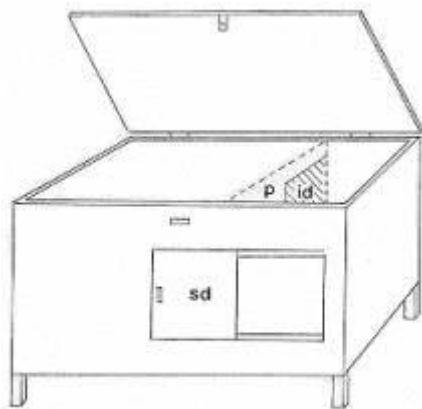
Figure 4: Sample den box that could be used to den pregnant female Eurasian lynxes (Mellen, 2003)

Pregnant females should be provided with at least one den box, preferably two. See figure 4. The den box must allow the female to stand up and turn around in the back half of the den box. The box should have a sliding door in the front of the box to provide easy access. The hinged lid must have a 20 centimetres overhang at the front and 10 centimetres at the sides to prevent water getting into the box during cleaning or inclement weather. The box should contain a partition that limits light and draughts, providing additional seclusion for the female and cubs. Wood shavings can be provided as a substrate. The den box should be placed on the floor of the enclosure with legs that raise the box 10 centimetres of the ground. Den boxes can be made of wood or plastic (Mellen, 2003).
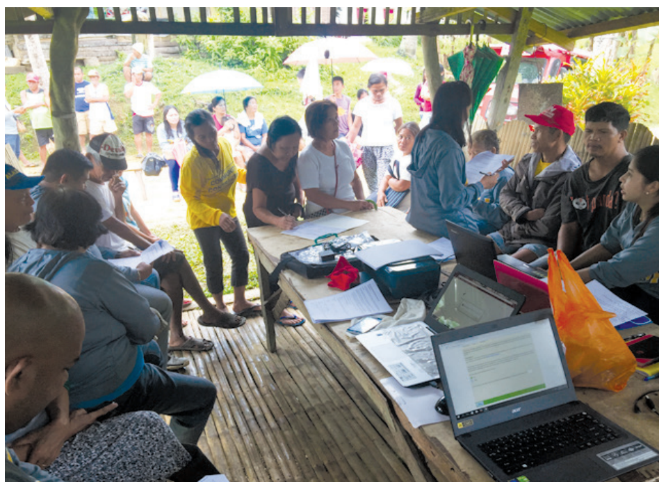
Farmers waiting for their turn during one of the Rice Crop Manager (RCM) briefing conducted in the region

With this tool, farmers are encouraged to follow the recommendation provided by the RCM to optimize the farmers' yield. If recommendations will be followed, the country will have additional production of 20,000 metric tons of milled rice for each 100,000 hectares of rice cultivation per season.
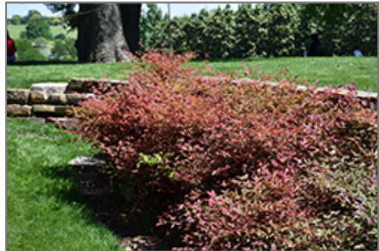
Flirt Nandina

Flirt Nandina is recommended for the following landscape applications;
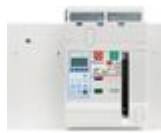
T804L2500 Fixed version air circuit breaker 4P - I...
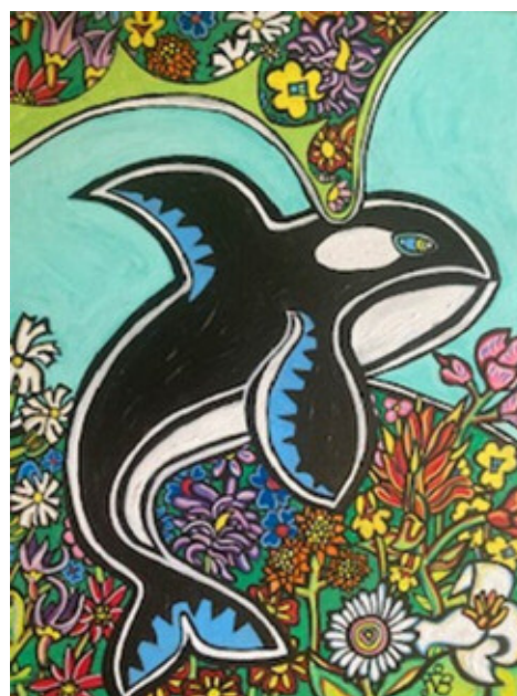
Rachel Baker — Flowerspout
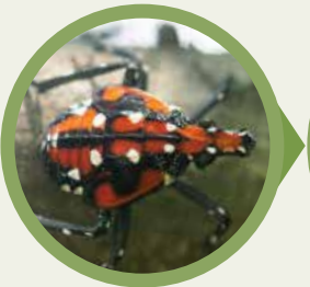
LATE STAGE NYMPH JUL-SEP
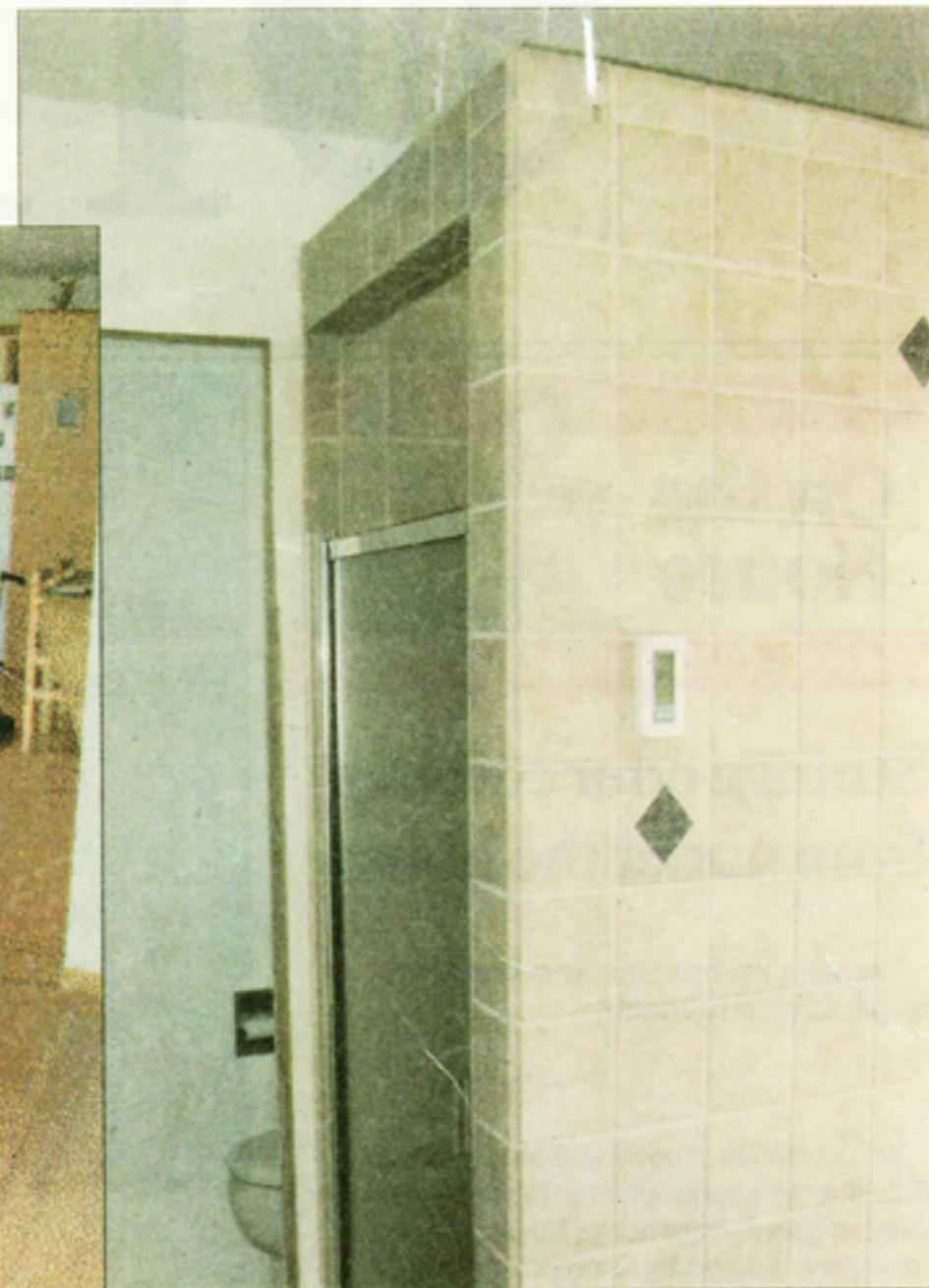
Thelen Construction also does custom bathrooms and construction.
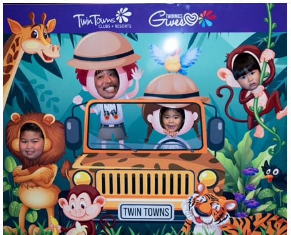
The Ota Family
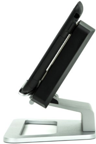
Fully-adjustable viewing angle
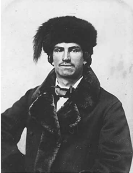
Minnesota Historical Society Mixed blood (Indian and French) fur trader around 1870.
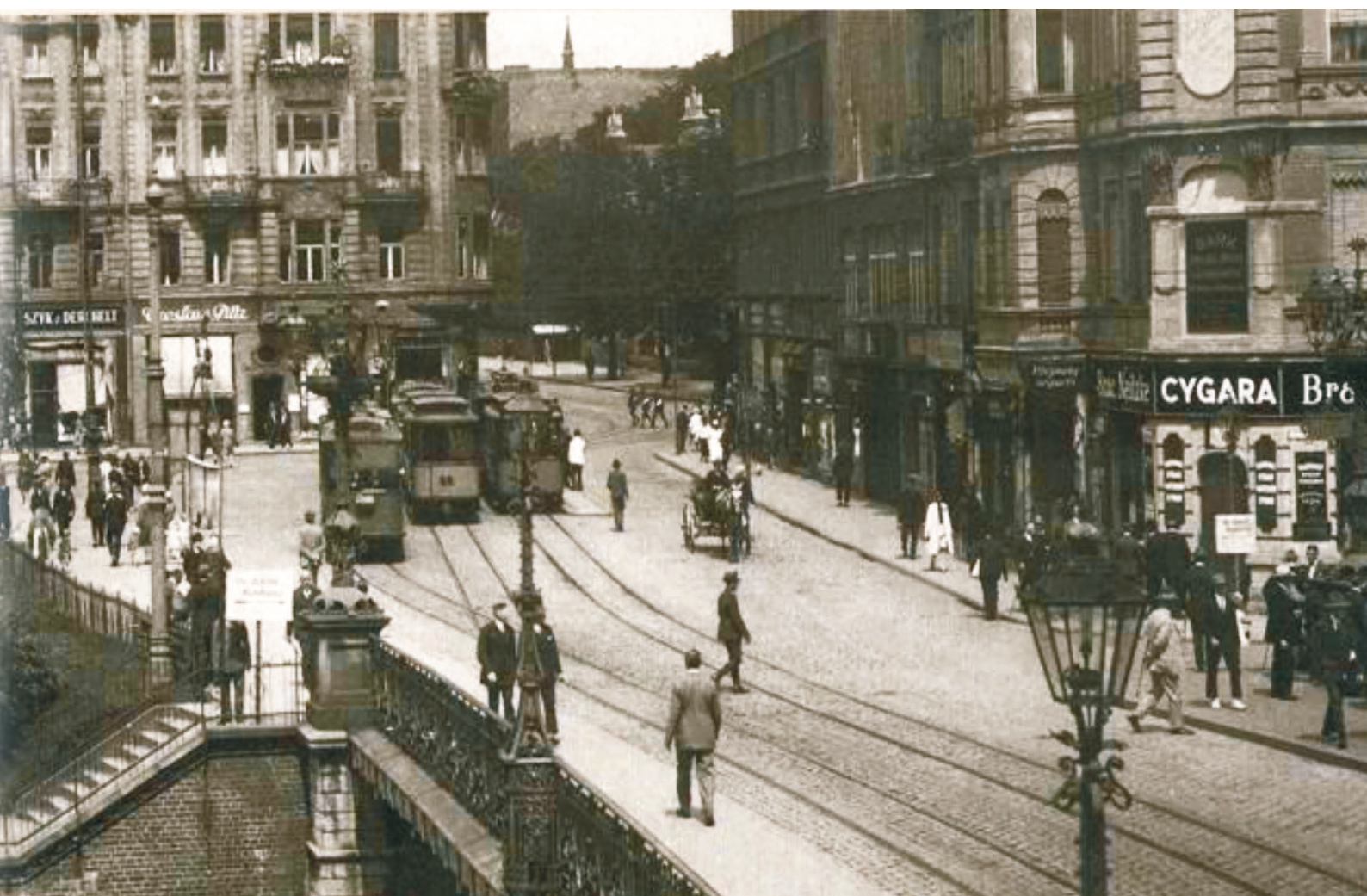
Fig. 10. Mostowa St.; source: [Z. Hojka 2008]

From the picture of Bydgoszcz sketched above, one can clearly deduce the reality that can be understood by the subject in its natural language. One can live with the conviction that “in language there are preserved human experiences transmitted from generation to generation, containing something extremely valuable, and even that language itself, this condition of culture, and perhaps of thinking, points to what is essential, what flows from the very source” [B. Skarga 2005]. According to U. Eco “culture is signifying and communicating” [U. Eco 2009]. Images are subject to naming, subject to analysis, which is a verbal message. In the specifics of the reading of the content of words contained in space discussed here, it should be said that we are dealing with an immanent process. After all, language is a monologue. The subject, wishing to discover the truth of a given reality/space, enters with it on the plane of play, the specifics of which L. Wittgenstein wrote about in his Philosophical Investigations . Aristotle stated that a game can
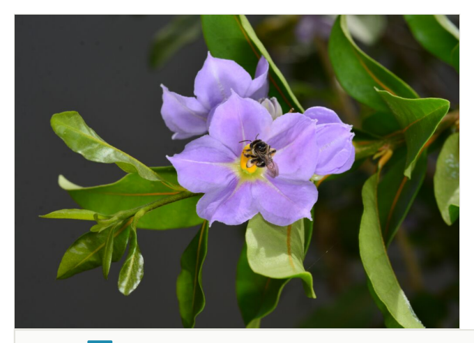
Figure 5. doi

Regarding possible pollinators for this species, there are reports of Xylocopa mordax Smith, 1874 and Apis mellifera Linnaeus, 1758 actively visiting the flowers. These observations were followed by a massive fruit production event, suggesting these insects may be effective pollinators for S. conocarpum . Seed disperser vectors for this species remain unknown (U.S. Fish and Wildlife Service 2017, U.S. Fish and Wildlife Service 2019). Recently, Exomalopsis bahamica Timberlake, 1980, a native Caribbean bee, has been observed visiting cultivated material on Puerto Rico (Fig. 5) (Monsegur, pers. obs. 2021). Further research is needed to determine the reproductive biology and confirm the field observations.
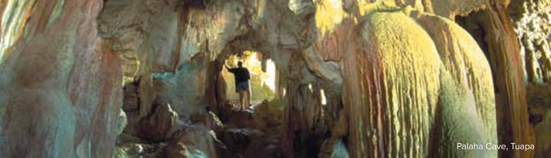
Palaha Cave, Tuapa
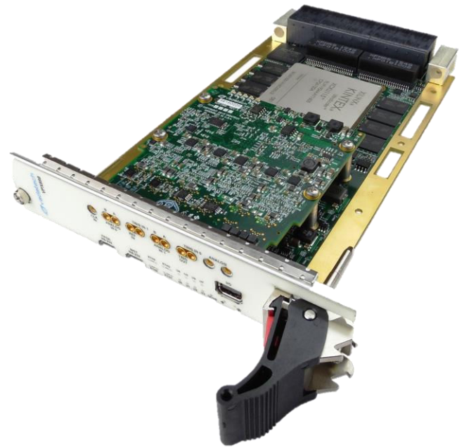
Figure 1: VPX599

Please contact VadaTech for details of Conduction Cooled versions.
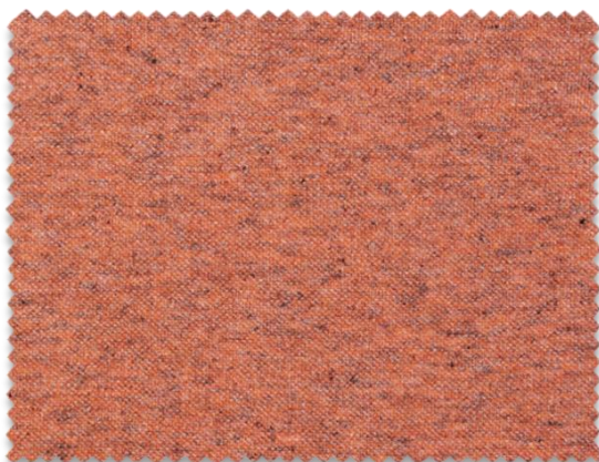
CTQ6OR90 30/1 Ne 100% Cotton 🌱 100% BCI/Organic/Fairtrade Cotton

NEPS AND SPOTS LUXURIOUSLY COSY WARMTH MARLS AND TWISTS
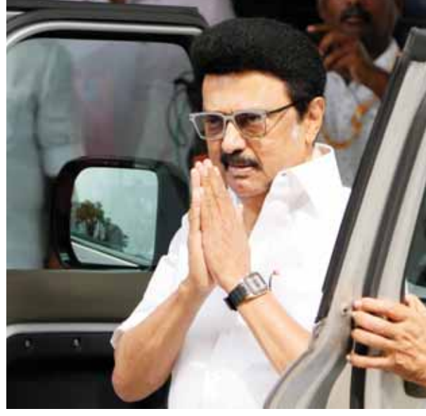
Tamil Nadu CM MK Stalin participates in all-party meeting to discuss proposed delimitation of LS seats PTI

Tamil Nadu Chief Minister MK Stalin on Wednesday alleged that the Bharatiya Janata Party (BJP)-led union government paid mere lip service to Tamil language for the sake of votes and dubbed the ruling party at the Centre as Tamil's "enemy." Writing to party workers as part of his series on the theme of "all-time opposition to Hindi imposition," Stalin recalled DMK founder leader CN Annadurai's views on the issue. Decades ago, Anna had said that the party's objective is not to oppose Hindi, but to get equal recognition to Indian languages including Tamil.
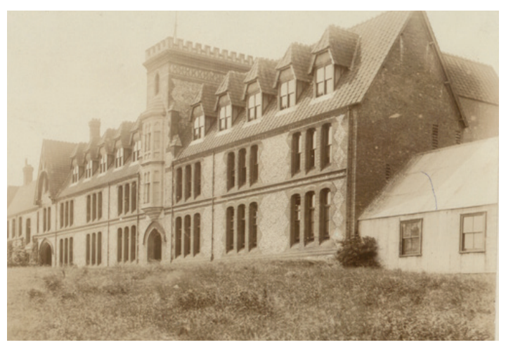
WESTFIELDS SCHOOL, WINCHESTER

Serle's Hill remained in residential use until September 1985 when it opened as the Pre-Prep with two classes of boys and girls and two teachers.
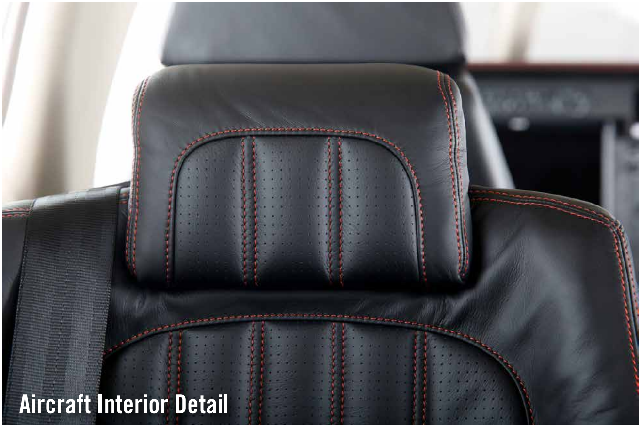
Aircraft Interior Detail
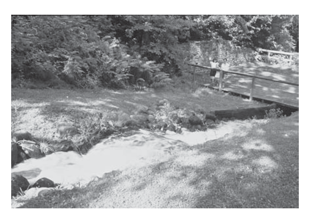
The Forges Stream near the remains of a mill

elements that are still visible today. These landscape features, which evoke the history of the Forges, do not appear to be threatened, but few messages of their historical value are currently being conveyed. Several years ago, the period landscape was the subject of studies and proposals as to how it should be developed, but to date no specific interventions have taken place. Before the CIS was drawn up, cultural landscapes were not considered to be cultural resources. Their presentation and the communication of their historical value must now be reconsidered.
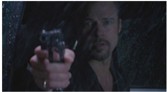
FIG. 3: A THOUGHTFUL HITMAN—BRAD PITT IN KILLING THEM SOFTLY (2012)
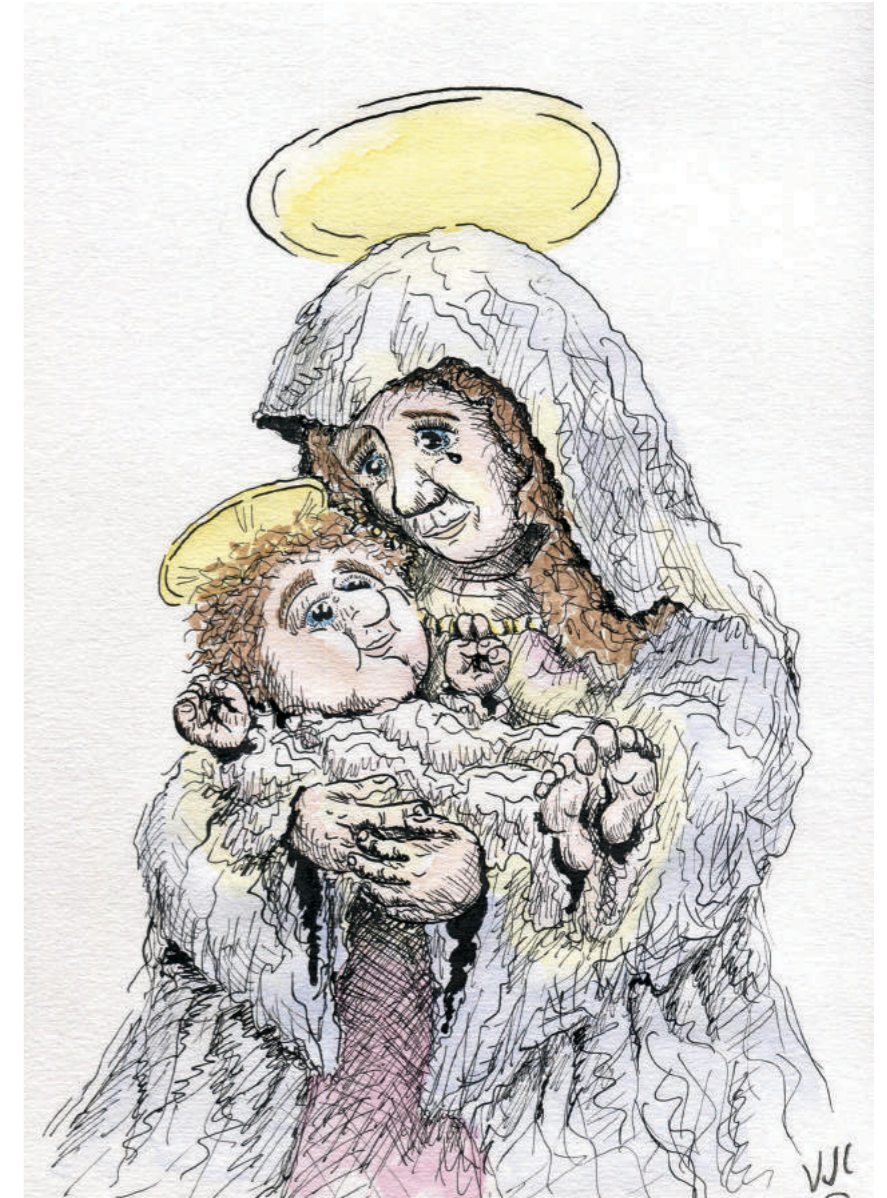
55% of Original Size
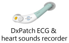
DxPatch ECG & heart sounds recorder
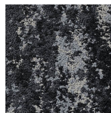
Vast 15505 LRV 4.7 | L* 25.84
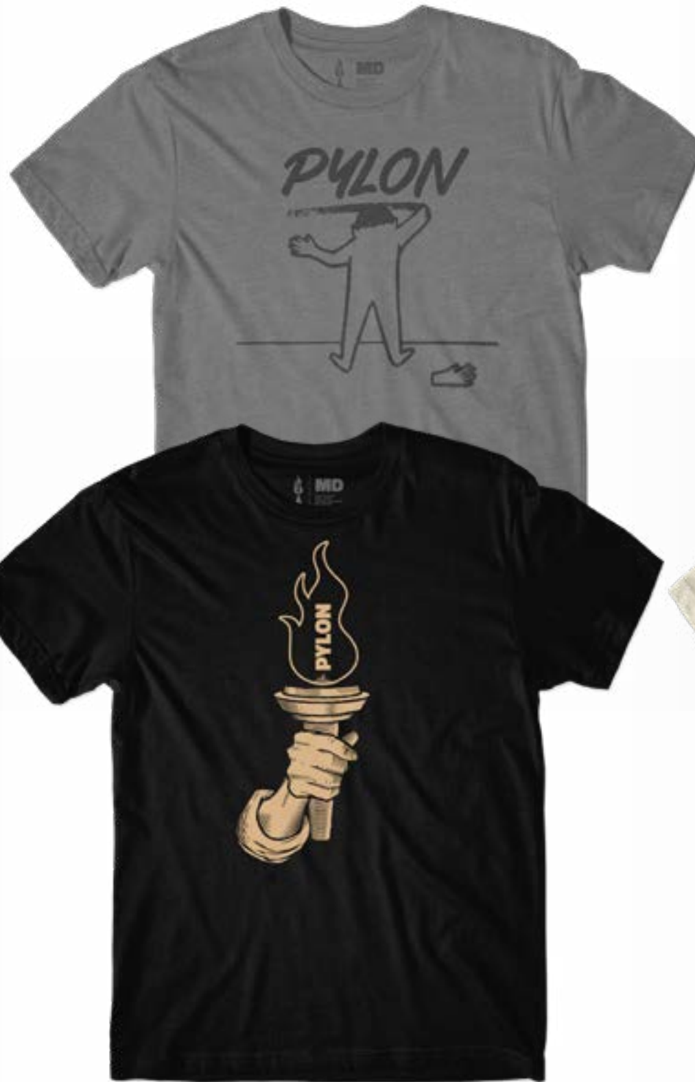
HELPING HAND TEE 100% COTTON T-SHIRT COLOR: GREY AVAILABLE SIZES: SMALL - XXL

Your task :: Please give an exact copy of the lines from the line containing "Please contact VadaTech" through the end of the records above, pictures excluded.

Task response ::
Please contact VadaTech for details of Conduction Cooled versions.
CTQ6OR90 30/1 Ne 100% Cotton 🌱 100% BCI/Organic/Fairtrade Cotton

NEPS AND SPOTS LUXURIOUSLY COSY WARMTH MARLS AND TWISTS
Tamil Nadu CM MK Stalin participates in all-party meeting to discuss proposed delimitation of LS seats PTI

Tamil Nadu Chief Minister MK Stalin on Wednesday alleged that the Bharatiya Janata Party (BJP)-led union government paid mere lip service to Tamil language for the sake of votes and dubbed the ruling party at the Centre as Tamil's "enemy." Writing to party workers as part of his series on the theme of "all-time opposition to Hindi imposition," Stalin recalled DMK founder leader CN Annadurai's views on the issue. Decades ago, Anna had said that the party's objective is not to oppose Hindi, but to get equal recognition to Indian languages including Tamil.
WESTFIELDS SCHOOL, WINCHESTER

Serle's Hill remained in residential use until September 1985 when it opened as the Pre-Prep with two classes of boys and girls and two teachers.
Aircraft Interior Detail
The Forges Stream near the remains of a mill

elements that are still visible today. These landscape features, which evoke the history of the Forges, do not appear to be threatened, but few messages of their historical value are currently being conveyed. Several years ago, the period landscape was the subject of studies and proposals as to how it should be developed, but to date no specific interventions have taken place. Before the CIS was drawn up, cultural landscapes were not considered to be cultural resources. Their presentation and the communication of their historical value must now be reconsidered.
FIG. 3: A THOUGHTFUL HITMAN—BRAD PITT IN KILLING THEM SOFTLY (2012)
55% of Original Size
DxPatch ECG & heart sounds recorder
Vast 15505 LRV 4.7 | L* 25.84
HELPING HAND TEE 100% COTTON T-SHIRT COLOR: GREY AVAILABLE SIZES: SMALL - XXL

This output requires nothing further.